Country A's User B uploads Content C that User D in Country E find's
objectionable, or in Country E is illegal to view or possess, while in Country
A is perfectly legal.

How do you enforce that? Labels or tags aren't the answer, because Content C
could be labeled/tagged as X,Y,Z where X,Y,Z are orthogonal to the content,
and bear no relation to it.

Do you allow it to be viewed by User D, and if it isn't legal, then put that
on User D to be responsible to...what? Unview it?

More than a few of these problems are all because we humans have decided
without consensus or agreement that some information is "bad" while other
information is "good", and even that "good" information is only viewable by
certain people of that group who meet a certain age requirement.

All of it is very arbitrary, and at odds with itself on the world stage.

This issue won't be solved easily, if at all.
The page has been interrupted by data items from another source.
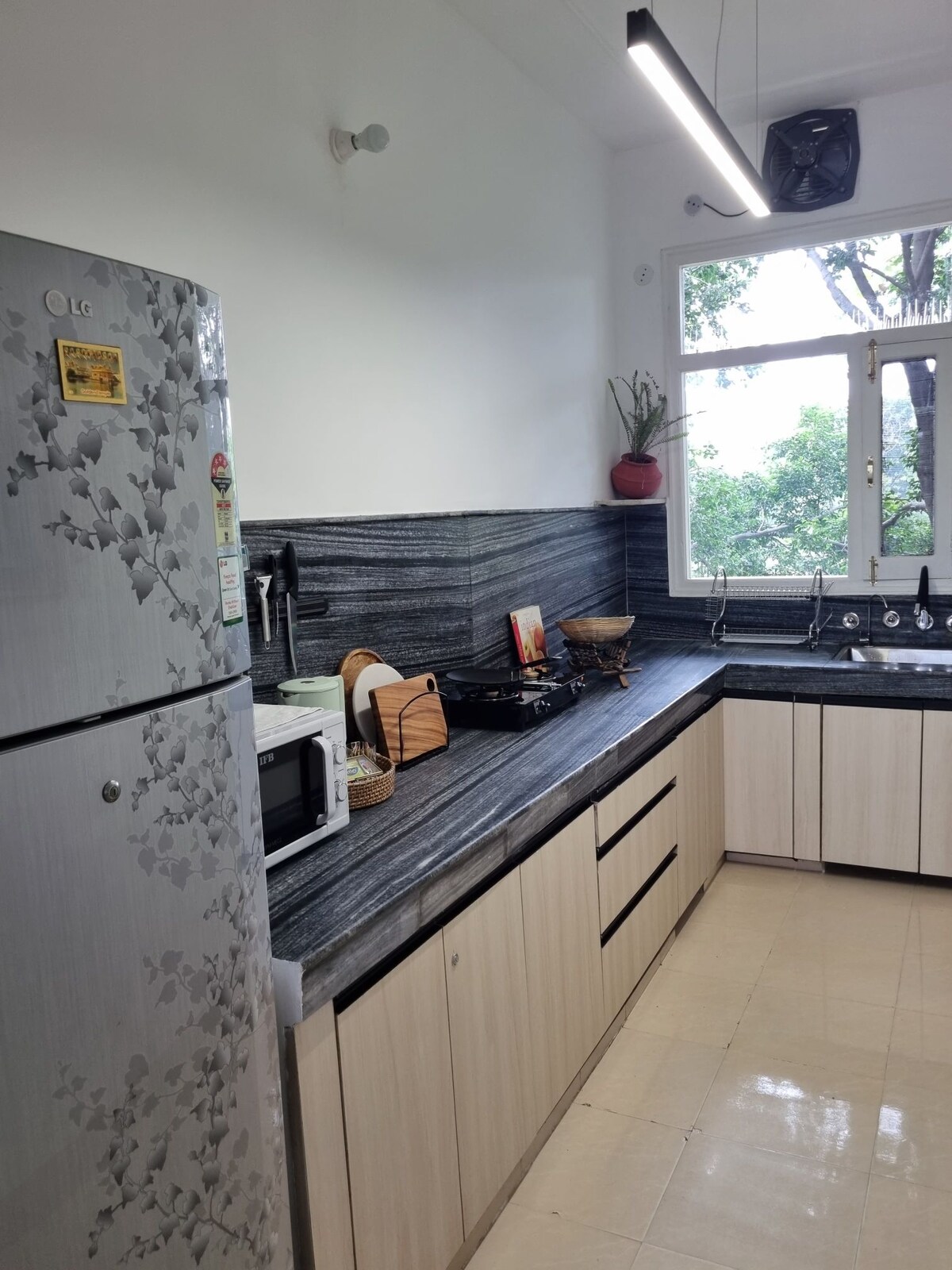 • Apartamento recién construido, totalmente privado en el primer piso • 3 dormitorios tamaño king, 2 baños, gran sala de estar y balcón con vistas verdes • Cocina modular, placa de inducción, agua RO y utensilios de cocina básicos. Swiggy/Zomato/Instamart/Blinkit disponibles • Aire acondicionado dividido, calefacción opcional, paneles de pared LED y noches de karaoke opcionales • Ubicación privilegiada en el centro de la ciudad: cerca del Templo Dorado, tiendas y restaurantes locales • Ambiente residencial tranquilo y silencioso, ideal para familias y grupos • Orientación local personalizada del anfitrión y comodidad premium
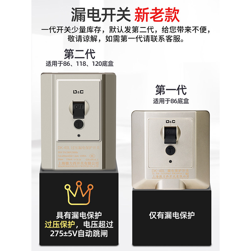 Shanghai Delixi switch 32A household air conditioning electric water heater leakage protector Air circuit breaker 40A plug
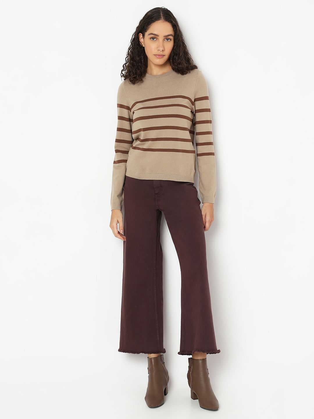 Beige striped flat knit pullover with long sleeves with round neckline and regular length, falls perfectly above hip.
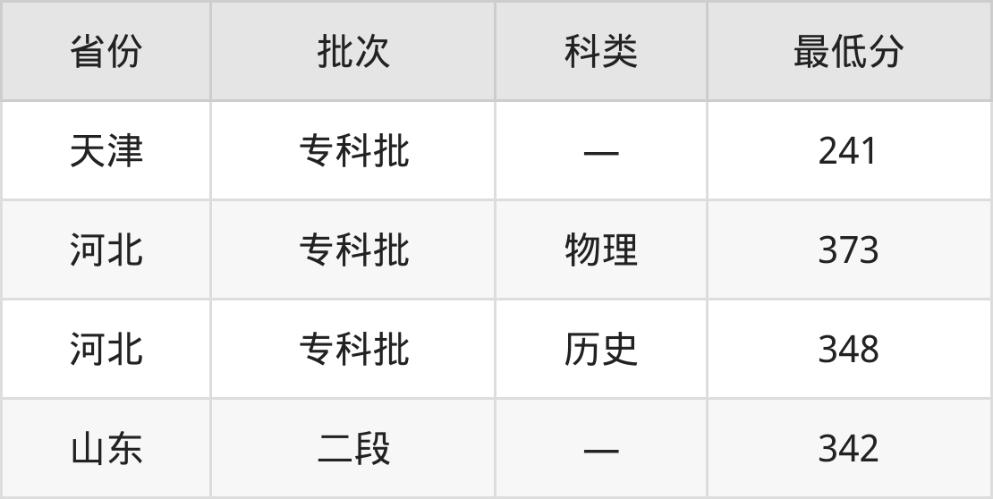 燕京理工学院医学检验技术专业在全国各省最低录取分数线为241分(天津),除此之外,在其余地区的最低分为河北历史类348分、山东342分,以上数据均为2024年数据,供2025年高考生参考。
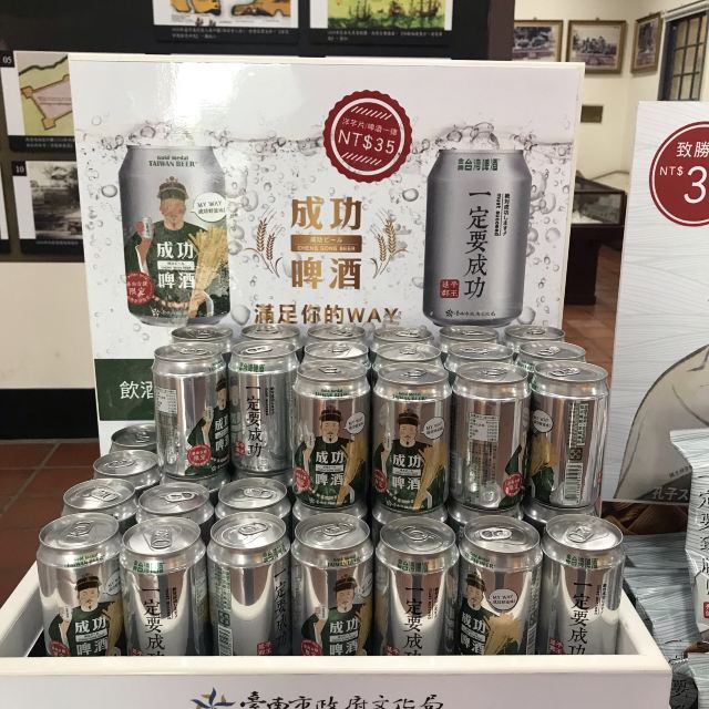 古堡上可以参观一下当时往来贸易的商船中出土的瓷器,以及郑成功收复台湾时的战舰模拟图,我比较感兴趣的还是台南的一些文创产品,成功啤酒,至圣点心面,台湾地图的拼板感觉都很棒。
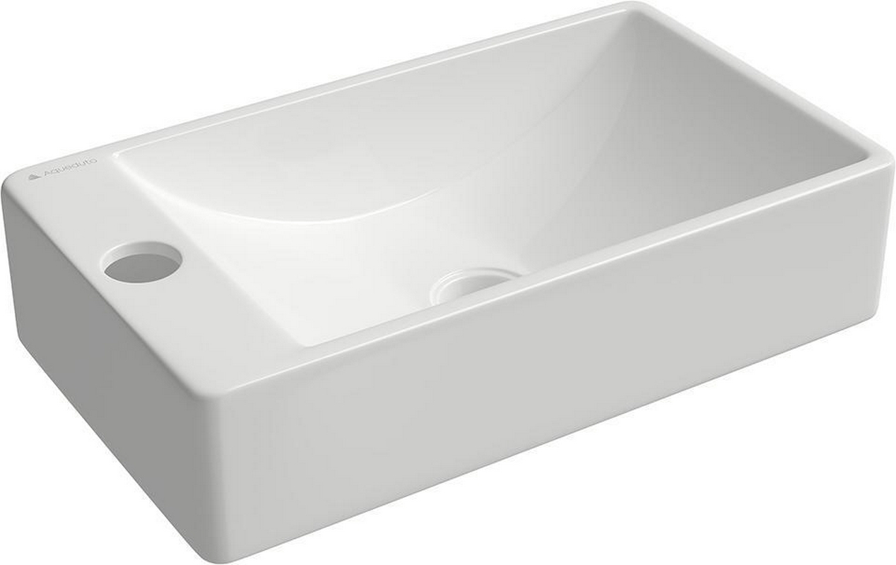Раковина мини, подвесная / накладная, прямоуг, 380x220хh100мм, 1 отв.д/смесит., Левая, без перелива, (цв.белый глянец), ZZ Aqueduto Pequeno PEQL0210
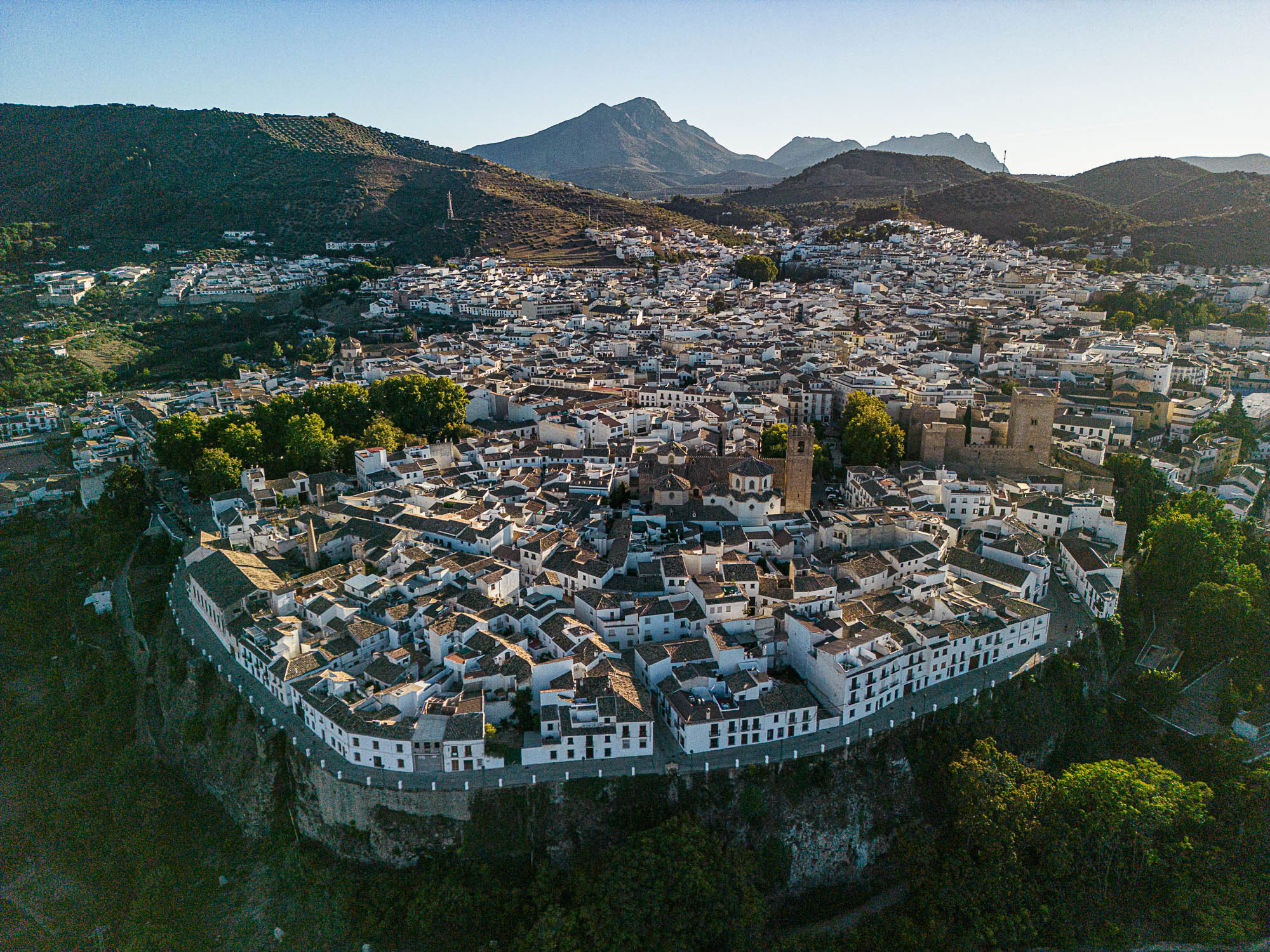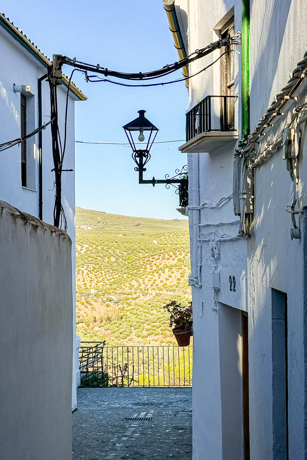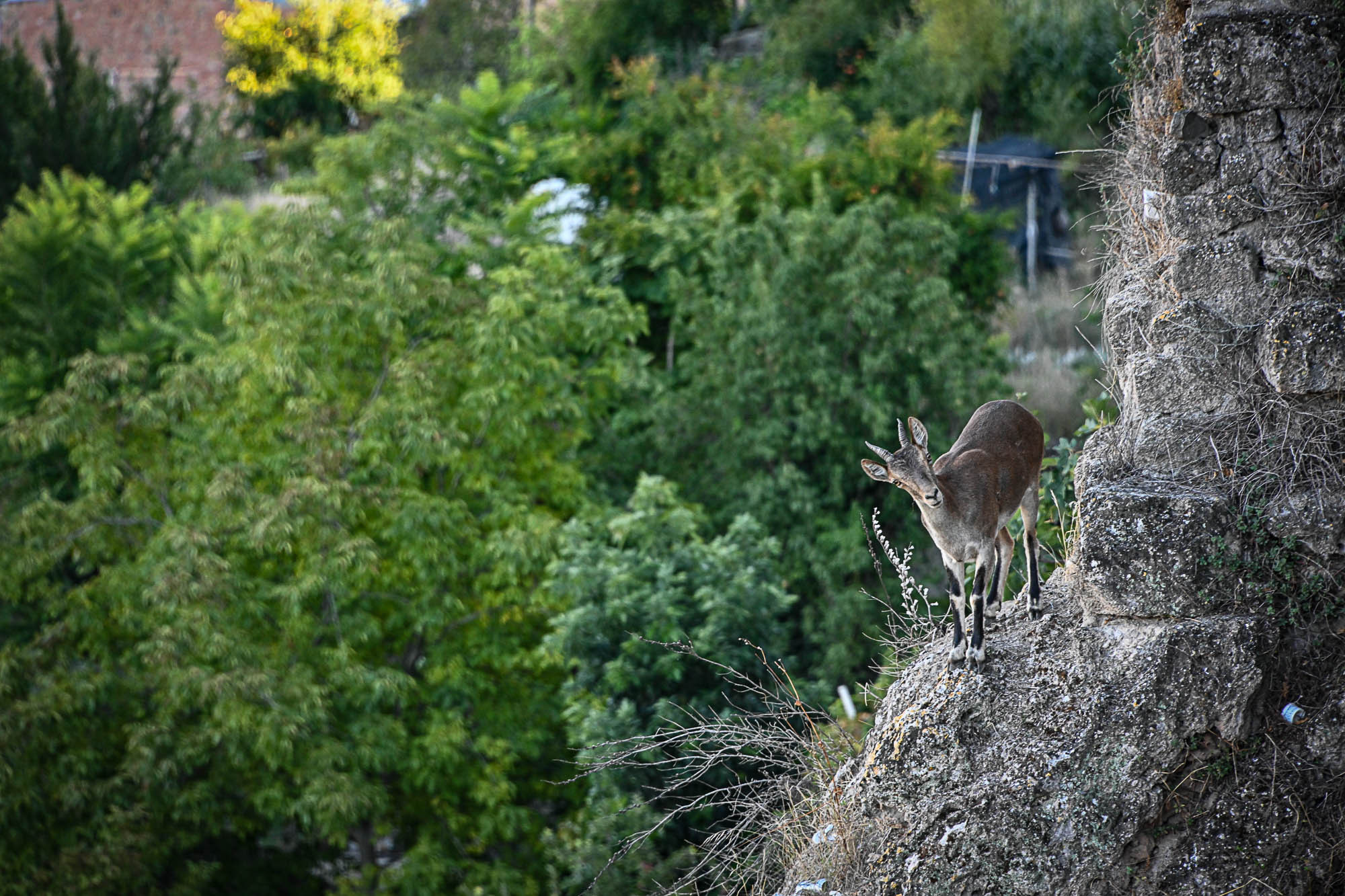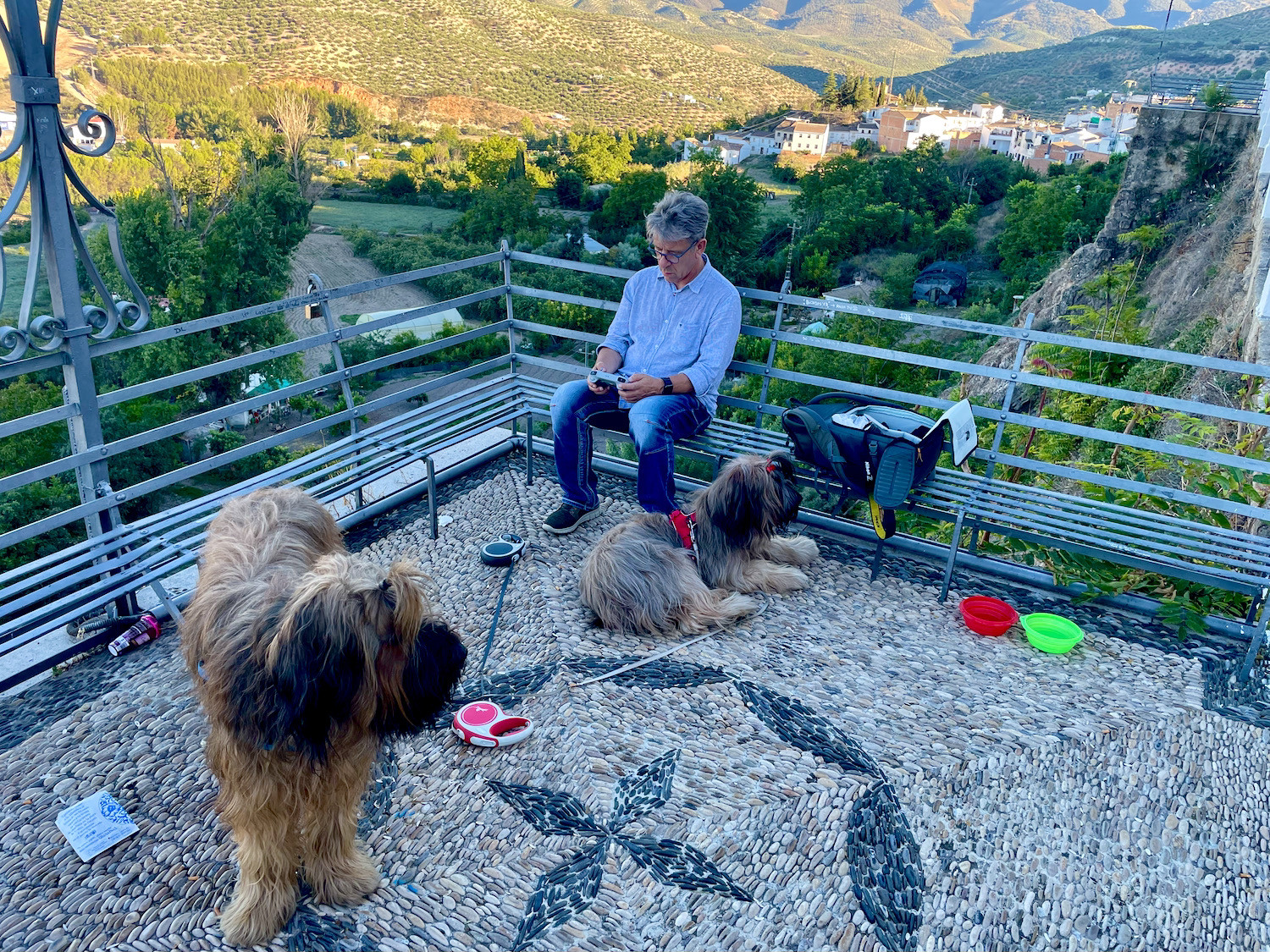 Am nordöstlichen Rand des Viertels gelangen wir zum „Adarve-Balkon“, der sich 55m über der Tiefebene erhebt. Hier bietet sich uns ein weiten Ausblick auf die Ebene, die Olivenhaine und die Berge im Umland. Doch als erstes zieht eine Ziege, die auf den steilen Mauern des Balkons herumklettert ihre ungeteilte Aufmerksamkeit auf sich. Wir bleiben hier eine ganze Zeit. Es ist einfach nur schön, die Aussicht zu genießen, die warmen Temperaturen, die netten Menschen, die hier entlang spaziert kommen. Alles Einheimische übrigens, bis auf ein Pärchen, mit dem Hendrik wegen seiner Drohne ins Gespräch kommt. Nachdem alle Fotoutensilien verstaut sind, schlendern wir zurück zu unserem Parkplatz. Voll von tollen Eindrücken geht es nun die reichlich zwei Stunden Fahrt zurück zu unserer Finca.

Instead, we'll likely just
continue to make more convoluted laws that can't be followed and/or all
descend into totalitarian walled garden states isolated from each other while
atrocities continue behind those walls, telling each other within that "we're
the free and prosperous ones; those over there are not".

Why does this narrative seem so damn familiar...?

------
pergadad
Very interesting article. Essentially: there is a legitimate need for such
content, namely to hold the perpetrators accountable. So the question might
be: how can this content still be accessed later by e.g.
researchers/prosecutors/...? On the other hand that then opens the door for a
dictator (we seem to have plenty of them nowadays) to ask for deletion of
content and then use the stored materials still to identify e.g. regime
critics. Really difficult issue.

------
iscrewyou
I just wish it was easy to turn their algorithms off. All these companies were
good before those algorithms started. Like feed for Facebook & Twitter,
recommendations for YouTube.

That would solve a lot of problems. It would make sure people aren’t exposed
to things unwillingly and these companies won’t be on the hook for it but it
will also make sure things aren’t getting reported and taken down as much as
they should (for law enforcement tracking purposes).

------
happytreefrens
These tech companies decide, often in unison, to deplatform people, types of
legal content, or political views. There is clearly coordination among news
outlets, social media companies, and tech companies (everything from payment
processors to web hosting).

Who is doing this coordination? To what end?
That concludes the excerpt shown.